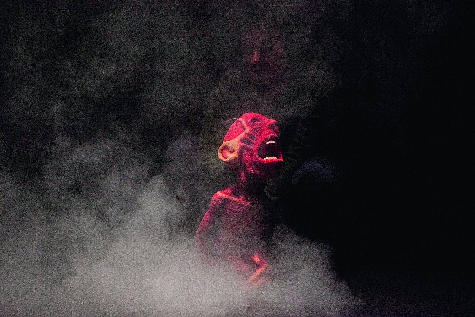 Festival Lutke je tudi letos nepresenetljivo s seboj pripeljal precej večjih produkcij, ki nas lahko očarajo že zgolj z materialnostjo, s katero se udejanjajo. V kontekstu festivala lahko zato včasih celo bolj izstopa manjša, preprostejša predstava. Ena takšnih je bil letos Teror, kot je bil naslov predstave preveden iz izvirnega francoskega Terreur. Uprizoritev francoskega gledališča Les Yeux Creux je zelo minimalistična: na odru sta samo igralec in lutka brez dodatne scenografije ali soigralcev. Tudi povzetek dogajanja polurne miniaturke za odrasle težko razvlečemo na kaj dosti več kot lutka, ki kriči od bolečin.
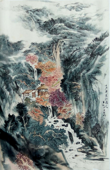 谢秉初 山水画《十月溪花红胜火》
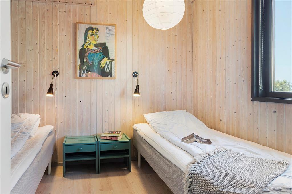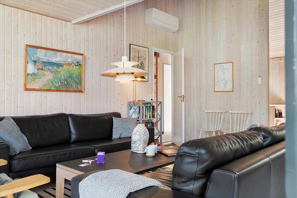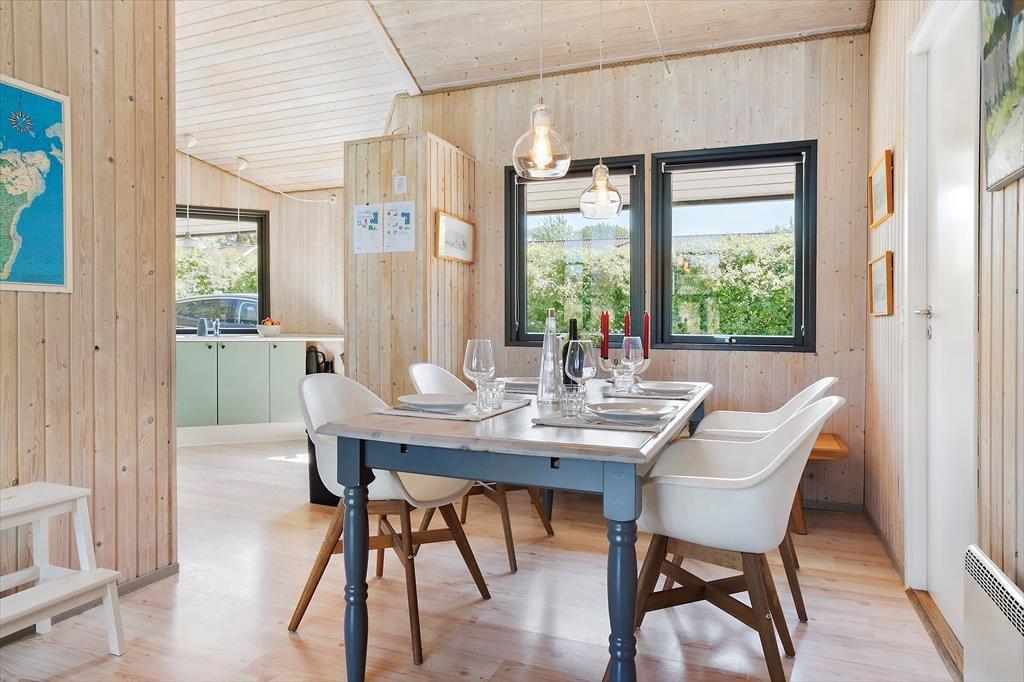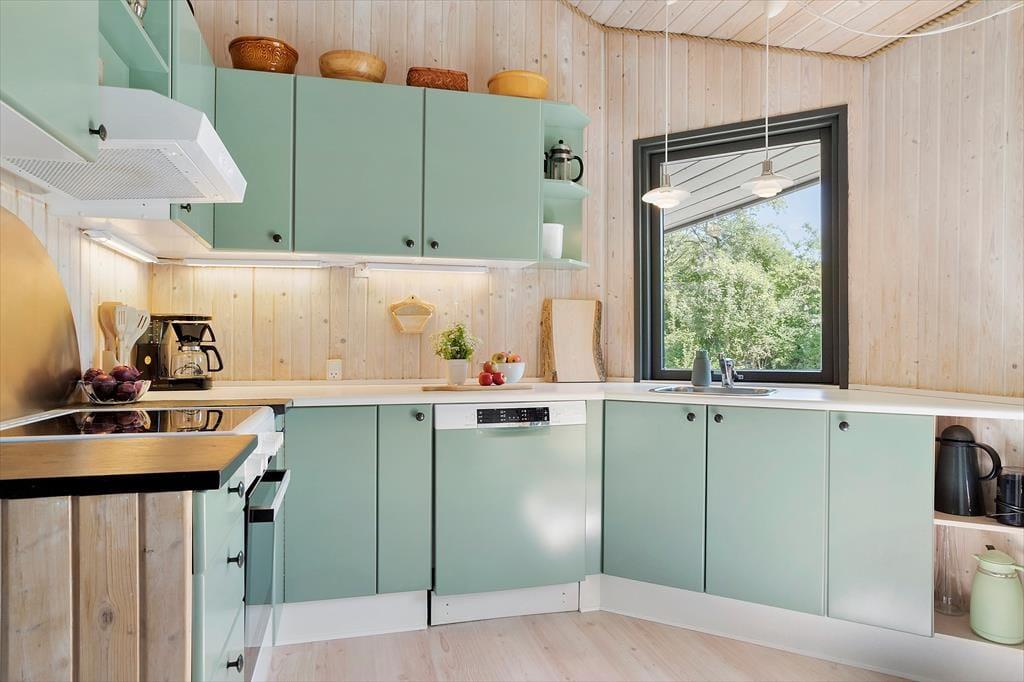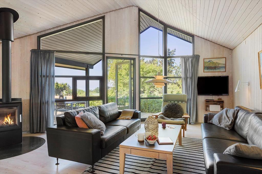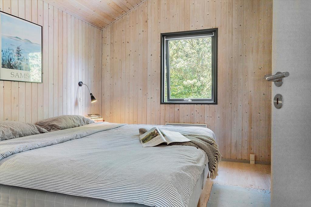 Wenn du das Haus betrittst, wirst du sofort eine herrlich entspannte Atmosphäre in der hellen Umgebung spüren. Das Haus ist stilvoll und hochwertig eingerichtet und bietet bis zu sechs Personen erstklassige Ferienhausstimmung. Die zentralen Räume des Ferienhauses sind die offene Küche und das Wohnzimmer. Letzteres wird aufgrund der schönen Aussicht auf die Natur und die Westküste von Samsø schnell zum bevorzugten Versammlungsort werden. Die offene Küche ist eine Erweiterung des Essbereichs, sodass es einfach ist, gleichzeitig zu kochen und trotzdem Zeit miteinander zu verbringen. Die großen, raumhohen Fenster im Wohnzimmer lassen viel Tageslicht herein und geben den Blick auf die grüne Umgebung frei. Durch die Terrassentüren kannst du direkt auf die überdachte Terrasse gehen. Bei schönem Wetter wird die Terrasse zu einer Erweiterung des Wohnzimmers mit noch besserer Aussicht. Zwischen dem Essbereich und den Sofas befindet sich ein Kaminofen, der für zusätzliche Gemütlichkeit und Wärme sorgt, wenn das Wetter kälter wird. Natürlich kannst du auch den Fernseher einschalten und dich mit einem guten Film im Wohnzimmer entspannen. Das Ferienhaus hat drei Schlafzimmer, davon zwei mit Doppelbetten eines mit zwei Einzelbetten. Hier kannst du garantiert gut schlafen. Auch das Badezimmer ist hell und einladend, es hat eine Sauna und eine gute Duschmöglichkeit. Alle Voraussetzungen für einen tollen Urlaub an der südlichen Westküste Samsøs sind somit in diesem schönen Ferienhaus gegeben.
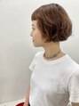 前髪と表面の根元から中間にかけてのクセを酸性ストレートパーマでおさまり良く。毛先のクセは生かしてくしゃっとしたボブで動きあるスタイルに。前髪はオン眉で決めてます!!

Instructions for the task: Give back, exactly as written, the lines from the top of the material through the line with "谢秉初 山水画《十月溪花红胜火》", ends included and pictures left aside.

Answer for this exercise:
 Festival Lutke je tudi letos nepresenetljivo s seboj pripeljal precej večjih produkcij, ki nas lahko očarajo že zgolj z materialnostjo, s katero se udejanjajo. V kontekstu festivala lahko zato včasih celo bolj izstopa manjša, preprostejša predstava. Ena takšnih je bil letos Teror, kot je bil naslov predstave preveden iz izvirnega francoskega Terreur. Uprizoritev francoskega gledališča Les Yeux Creux je zelo minimalistična: na odru sta samo igralec in lutka brez dodatne scenografije ali soigralcev. Tudi povzetek dogajanja polurne miniaturke za odrasle težko razvlečemo na kaj dosti več kot lutka, ki kriči od bolečin.
 谢秉初 山水画《十月溪花红胜火》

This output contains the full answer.